In other related developments, the EU Commission will, on Monday (8 May) discuss plans with MEPs on how to help Europe's military-industrial complex produce more ammunition to fight the kind of high-intensity artillery wars unleashed by Russia in south-east Ukraine.
MEPs will also vote on Tuesday to approve an extra €145m in financial assistance to Moldova amid a refugee and energy crisis provoked by Russia's war in Ukraine.
AI Act
But if some fear impending Armageddon due to the risk of WW3, others have voiced apocalyptic warnings due to the risks coming from AI.
For their part, MEPs in the civil liberties committee will hone the EU Parliament's vision of how to regulate the sector in a vote on the EU's AI Act on Thursday (11 May).
"If we don't get that control right, then you might have this dystopian view that is being expressed by many," Romanian MEP Dragoș Tudorache has said.
Turning to kitchen-sink issues, MEPs will vote on Wednesday (10 May) on whether to approve how the EU spent its budget last year.
The annual discharge is more political than ever amid frozen EU money for countries, such as Hungary and Poland, which have trampled on rule of law at home.
MEPs will discuss, on Tuesday, how to reform the bloc's fiscal rules, designed to stop the kind of profligacy that led to the emergency bailouts of several national treasuries 10 years ago.

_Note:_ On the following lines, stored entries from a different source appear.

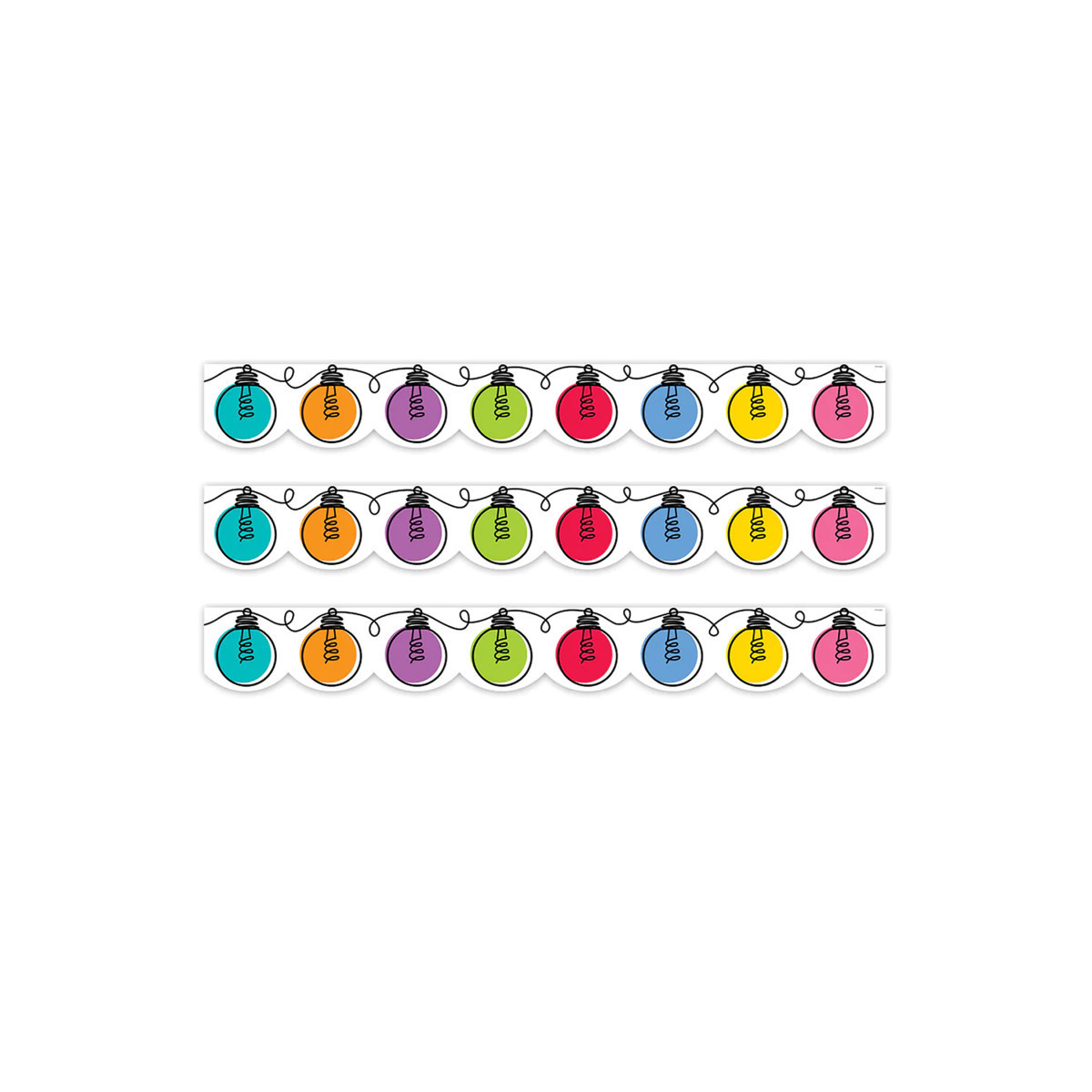 Bring the festive look of a backyard party to your bulletin board displays with the simulated strand of bright bulbs featured on the Colorful Doodle Lights EZ Border.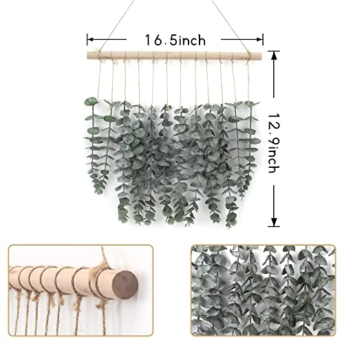 - 【The Size】 The width of the hardwood rod is 16 inches and the length of the faux eucalyptus leaves vary from 8-12 inches. Our eucalyptus wall hanging is perfect for boho and farmhouse style decor, Perfect for use anywhere in the home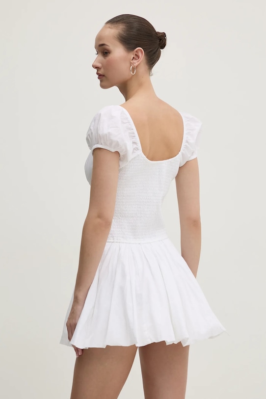 Это платье из коллекции Hollister Co. выполнено из гладкой ткани. Этот лёгкий материал идеально подходит для тёплого времени года. - Расклешенный крой. - Короткие рукава с буфами. - В зависимости от расположения рукавов его можно носить с испанским или круглым вырезом. - Модель с эластичной вставкой. - Два боковых накладных кармана. - Модель на подкладке, покрой комбинезона. - Длина: 73 см. - Ширина под мышками: 37 см. - Ширина талии: 34 см. - Размеры указаны для размера: S.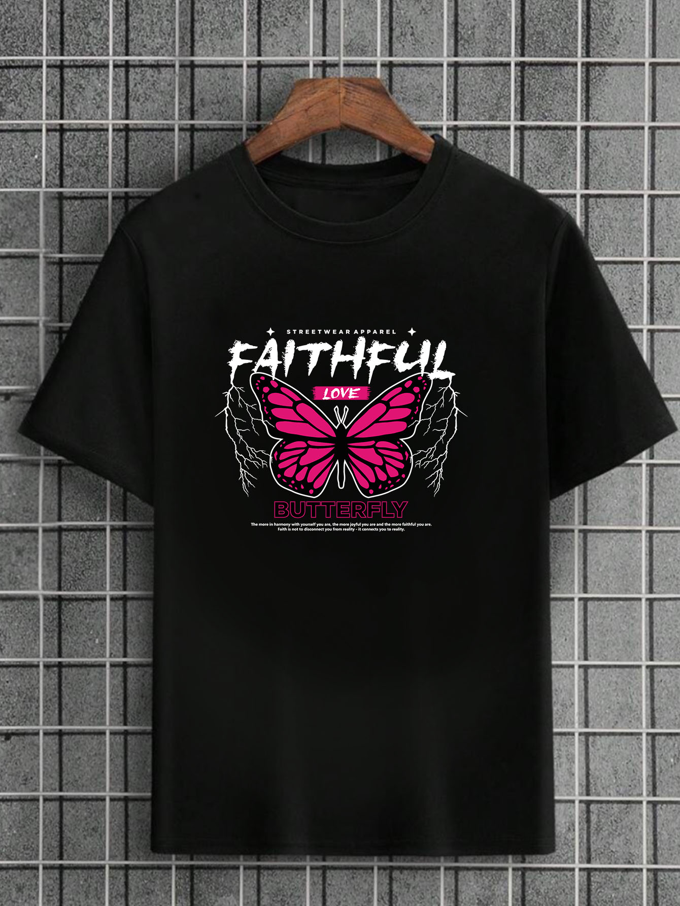 Camiseta Masculina Preta 100% Algodão Butterflies Faithful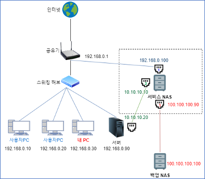 여기서 주의할 점은, NAS의 세 개의 IP가 대역이 다른 것을 볼 수 있습니다. (192.168.0.XXX / 10.10.10.XXX / 100.100.100.XXX)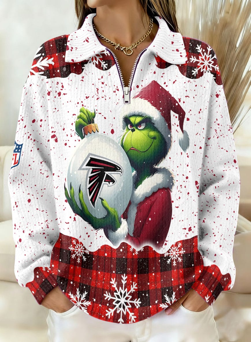 Atlanta Falcons x The Grinch 2025 Edition Quarter Zip Corduroy Sweatshirt for Christmas AMCCLG001375

And turning back to Putin, who decriminalised wife-beating as part of his parallel culture war against EU values, MEPs will also show a different face of Europe on Wednesday when they vote for the EU to ratify the Istanbul Convention on combating violence against women and girls — even though Bulgaria, the Czechs, Hungary, Latvia, Lithuania, and Slovakia have still failed to do so themselves.